Task to carry out:
An exact copy is all that is wanted: the lines from the one with "Deze Roundie Beach" through the end of the listing below, both included, minus any pictures.

Source data:
▶
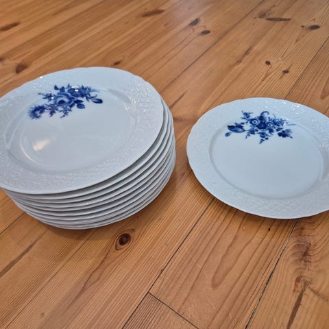 Lautasessa on kohokuvioinen reunus ja käsin litografoitu sininen kukkakuvio.
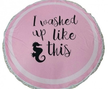 Deze Roundie Beach Towel is volledig roze met een zeepaardje en tekst erop. Van zachte badstof microvezel, droogt snel en is licht! Nu met gratis Cup Holder Flamiingo!
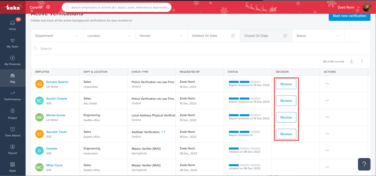 Step 9: Once the background verification is initiated, you can track the status of the BGV from Org > Onboarding > Background Verification.
◀
Answer area:
 Deze Roundie Beach Towel is volledig roze met een zeepaardje en tekst erop. Van zachte badstof microvezel, droogt snel en is licht! Nu met gratis Cup Holder Flamiingo!
 Step 9: Once the background verification is initiated, you can track the status of the BGV from Org > Onboarding > Background Verification.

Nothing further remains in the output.